富貴吃完了妖獸的半個腹腔,似乎察覺到了寧楚的目光,抬頭看了她一眼。
它的嘴周圍全是血,白色的毛被染成了暗紅色,幾根妖獸的毛髮粘在它的嘴角。
它的眼睛還是那雙烏黑明亮的眼睛,清澈、無辜、像兩顆洗乾淨的黑曜石。
然後它歪了歪頭,對寧楚搖了搖尾巴。
寧楚嘴唇哆嗦了一下,後退一步,後背撞上一棵大樹,皮粗糙的觸感透過衣裳傳到脊背上,冰涼真實。
富貴見她後退,又往前一步,似乎像往常一樣,等著她來抱。
她低頭看著富貴,看著地上那三具妖獸的屍體,看著富貴嘴邊還在往下滴的血,艱澀地嚥了口唾沫,似乎此刻才清楚地意識到富貴不是一隻普通的狗。
畢竟沒有哪家的幼犬能用這副小小的身板輕鬆咬碎妖獸堅硬的肋骨。
一人一狗對視,富貴低下頭,從妖獸的屍體上叼起一塊肉,走到寧楚腳邊,把肉放在她的鞋面上,退後兩步蹲好,搖了搖尾巴。
那是一塊妖獸身上最嫩的裡脊肉,被咬得整整齊齊,像是特地挑選過的。
富貴把它放在寧楚腳邊,然後仰起頭,用那雙烏黑的眼睛看著她。
寧楚看著鞋面上那塊還帶著血絲的肉,又看了看富貴嘴邊還在往下滴的血,強壓下反胃的感覺,“富,富貴啊,娘不吃,你吃,你吃。

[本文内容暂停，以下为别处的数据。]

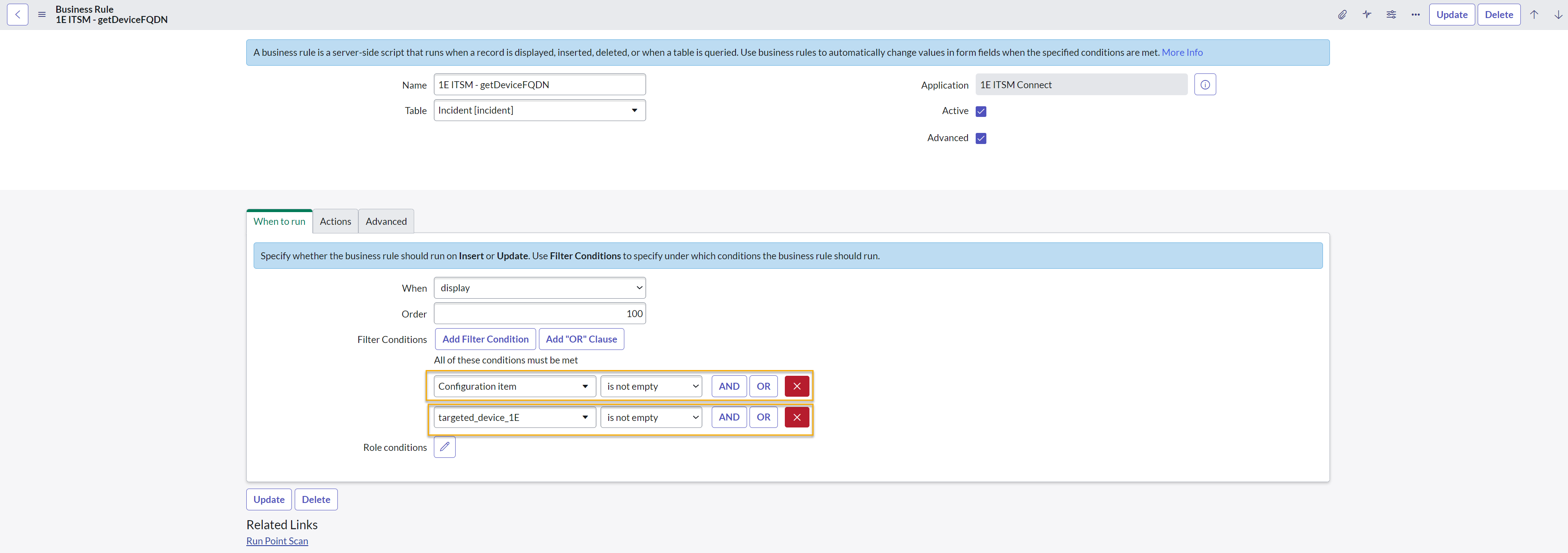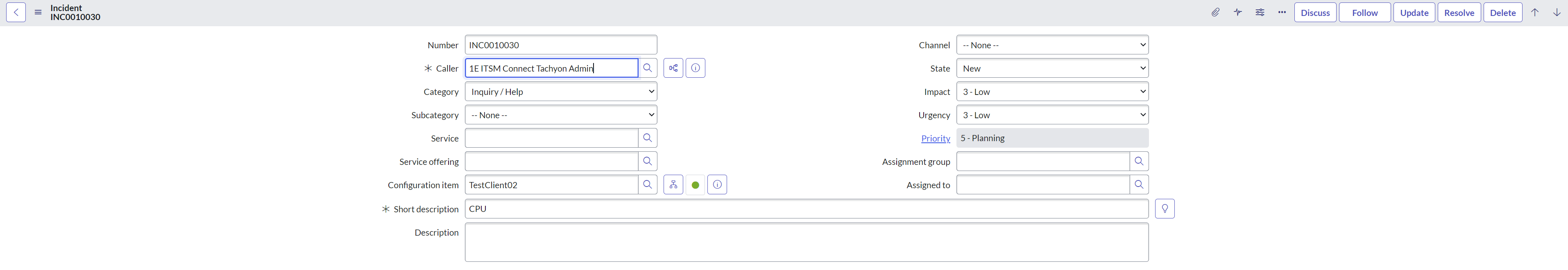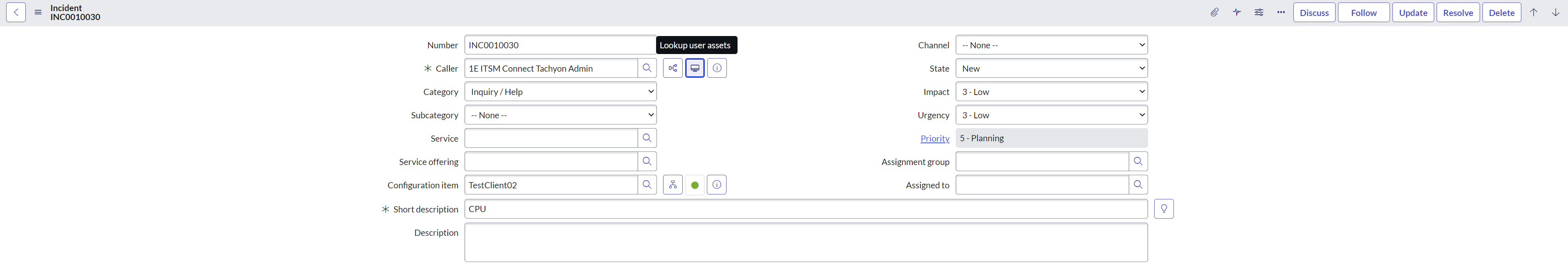 Any type of incident can be raised for any kind of CI in ServiceNow. To have control on what type of CIs the 1E ITSM Connect functionality (i.e. Device Info icon, 1E ITSM Connect and 1E CMDB Connect) should work, the app should configure the system property x_1e_connect.device_info_ci_criteria. The default value of this property is sys_class_name=cmdb_ci_pc_hardware^ORsys_class_name=cmdb_ci_computer, which states that the selected device class should be either ci_pc_hardware or cmdb_ci_computer. This property contains an encoded query to define the criteria for valid CIs. Therefore, any incident where CI fulfills this criterion will show the 1E ITSM Connect functionality.

”
“不過你吃了不會拉肚子嗎?”
富貴舔了舔嘴角,好像在說不會哦。
她閉了閉眼,深吸一口氣,緩緩蹲下來,和富貴平視。
富貴的尾巴搖得更歡了,但它似乎意識到寧楚的情緒不太對,沒有撲上來舔她的臉,只是安安靜靜地蹲在原地,歪著頭看她。
寧楚伸出手,猶豫了一下,還是摸上了富貴的頭。
毛髮軟軟的,耳朵溫熱,它的頭在她的掌心下輕輕蹭了蹭,像一隻真正的、普通的、單純可愛的小狗。
但寧楚知道,它不普通。
難道是什麼沒成年的靈獸?
此外她想不到別的可能了。
可她現在沒力氣去想怎麼辦,她的丹田還在疼,她的結丹問題還沒有解決。
只是被富貴這麼一嚇,她也沒有繼續砍妖獸的心思了。
看著富貴吃完妖獸,舔了舔嘴,又恢復了那副單純可愛的樣子,湊過來蹭了蹭她的手心,發出滿足的呼嚕聲。
她嘆了口氣,一把撈起富貴轉身往回走。
回到防禦陣裡,寧楚掐了個淨塵決,把自己和富貴收拾乾淨。
一人一狗縮在古榕樹的根系間,富貴趴在她膝蓋上,寧楚靠樹根上,閉著眼睛,腦子裡亂得像一鍋粥。
她的頭疼已經超出了靠自己能治癒的範疇。